§ Collected material
——————
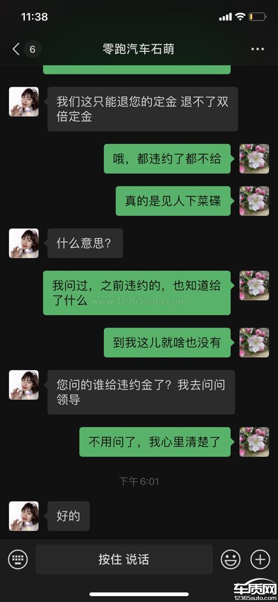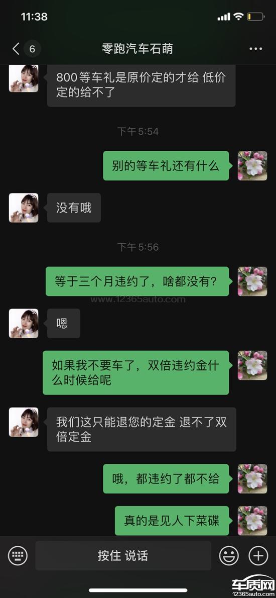 销售说不存在800元20天等车礼,并且3个月未交付违约,也只说就光退定金,任何都不给赔偿,要求厂家协助解决。
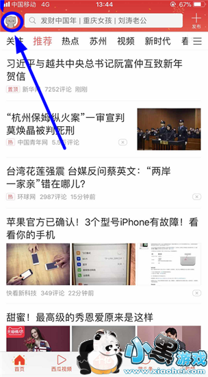 2.进入头条后,页面如下图,点击头像,我的是在左上角。ps:由于版本问题,有的用户的今日头条版本是在下方,点击“我的”。
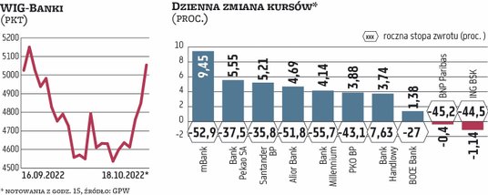 Indeks WIG-banki w ciągu dnia sięgnął maksymalnie 5 061,09 pkt wobec 4848,34 na zamknięciu w poniedziałek. Kursy Santander Bank Polska i Banku Pekao rosły o ponad 5 proc., a mBanku – nawet o ponad 9 proc.
——————
§ Task goal
Could you copy the data above exactly, leaving the pictures out?

§ Exercise result
 销售说不存在800元20天等车礼,并且3个月未交付违约,也只说就光退定金,任何都不给赔偿,要求厂家协助解决。
 2.进入头条后,页面如下图,点击头像,我的是在左上角。ps:由于版本问题,有的用户的今日头条版本是在下方,点击“我的”。
 Indeks WIG-banki w ciągu dnia sięgnął maksymalnie 5 061,09 pkt wobec 4848,34 na zamknięciu w poniedziałek. Kursy Santander Bank Polska i Banku Pekao rosły o ponad 5 proc., a mBanku – nawet o ponad 9 proc.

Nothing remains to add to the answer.